INSTRUCTIONS TO FOLLOW — Transcribe the records below from the first line to the line that includes "2023年3月24日,科特迪", inclusive, and omit the pictures.

** DATA follows **

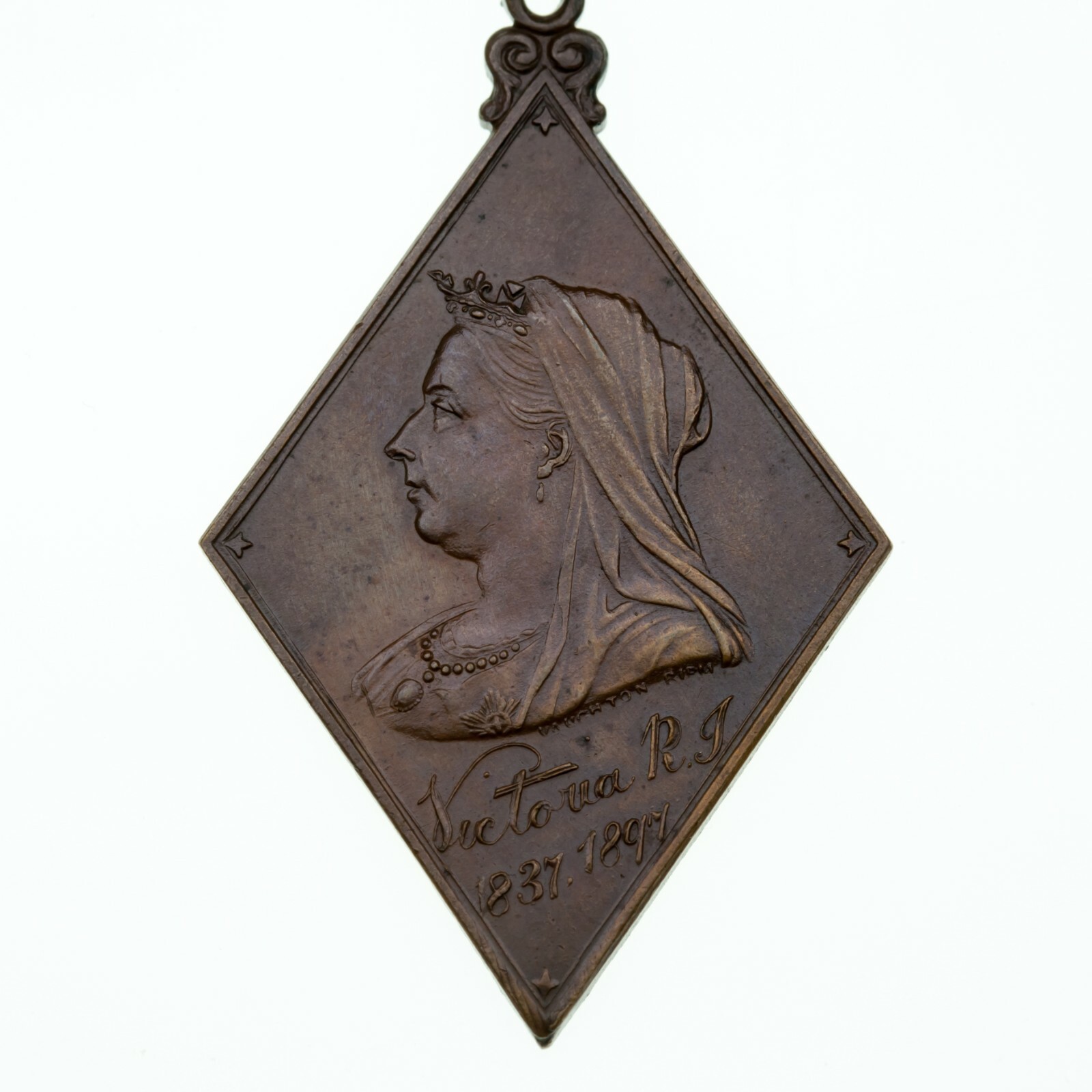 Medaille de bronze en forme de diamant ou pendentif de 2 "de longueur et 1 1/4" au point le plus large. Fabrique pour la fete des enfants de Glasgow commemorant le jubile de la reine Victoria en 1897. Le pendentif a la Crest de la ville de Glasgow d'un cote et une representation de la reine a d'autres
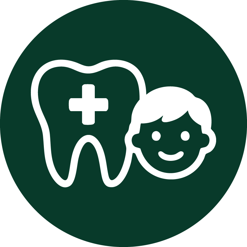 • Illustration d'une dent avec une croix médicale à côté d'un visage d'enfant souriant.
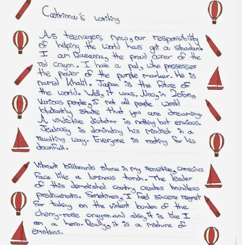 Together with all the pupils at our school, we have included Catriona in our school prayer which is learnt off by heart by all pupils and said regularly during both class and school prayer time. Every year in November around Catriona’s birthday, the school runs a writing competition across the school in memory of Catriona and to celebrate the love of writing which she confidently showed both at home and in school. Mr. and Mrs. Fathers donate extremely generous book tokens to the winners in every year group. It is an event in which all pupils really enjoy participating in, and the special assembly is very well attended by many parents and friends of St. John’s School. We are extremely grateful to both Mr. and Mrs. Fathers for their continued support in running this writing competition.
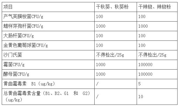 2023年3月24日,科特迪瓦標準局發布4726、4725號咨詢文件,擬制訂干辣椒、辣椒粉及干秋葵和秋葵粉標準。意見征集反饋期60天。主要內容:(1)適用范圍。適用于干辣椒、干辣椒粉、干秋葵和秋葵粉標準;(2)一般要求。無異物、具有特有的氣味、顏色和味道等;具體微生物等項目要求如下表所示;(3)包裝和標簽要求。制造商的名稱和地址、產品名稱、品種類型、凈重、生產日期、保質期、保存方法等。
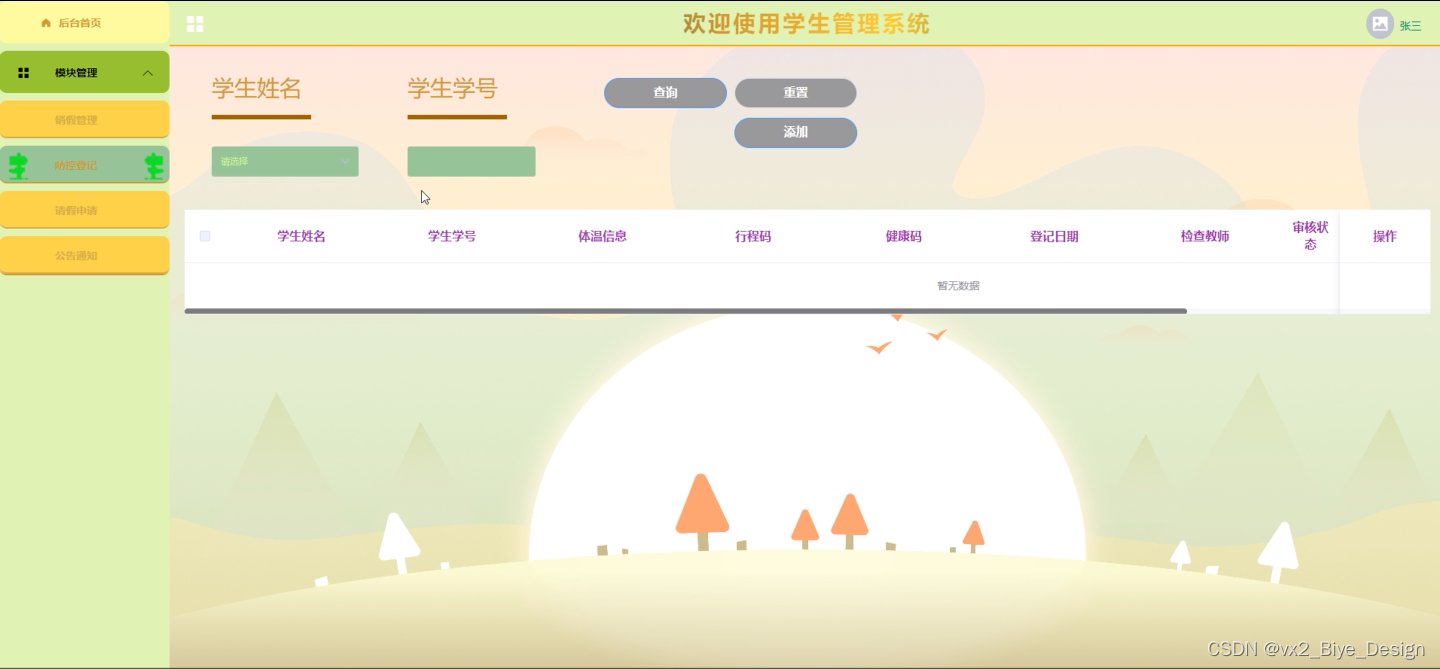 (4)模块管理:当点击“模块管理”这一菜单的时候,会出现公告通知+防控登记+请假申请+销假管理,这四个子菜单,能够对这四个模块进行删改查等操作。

** End of DATA **

TASK SOLUTION —
 Medaille de bronze en forme de diamant ou pendentif de 2 "de longueur et 1 1/4" au point le plus large. Fabrique pour la fete des enfants de Glasgow commemorant le jubile de la reine Victoria en 1897. Le pendentif a la Crest de la ville de Glasgow d'un cote et une representation de la reine a d'autres
 • Illustration d'une dent avec une croix médicale à côté d'un visage d'enfant souriant.
 Together with all the pupils at our school, we have included Catriona in our school prayer which is learnt off by heart by all pupils and said regularly during both class and school prayer time. Every year in November around Catriona’s birthday, the school runs a writing competition across the school in memory of Catriona and to celebrate the love of writing which she confidently showed both at home and in school. Mr. and Mrs. Fathers donate extremely generous book tokens to the winners in every year group. It is an event in which all pupils really enjoy participating in, and the special assembly is very well attended by many parents and friends of St. John’s School. We are extremely grateful to both Mr. and Mrs. Fathers for their continued support in running this writing competition.
 2023年3月24日,科特迪瓦標準局發布4726、4725號咨詢文件,擬制訂干辣椒、辣椒粉及干秋葵和秋葵粉標準。意見征集反饋期60天。主要內容:(1)適用范圍。適用于干辣椒、干辣椒粉、干秋葵和秋葵粉標準;(2)一般要求。無異物、具有特有的氣味、顏色和味道等;具體微生物等項目要求如下表所示;(3)包裝和標簽要求。制造商的名稱和地址、產品名稱、品種類型、凈重、生產日期、保質期、保存方法等。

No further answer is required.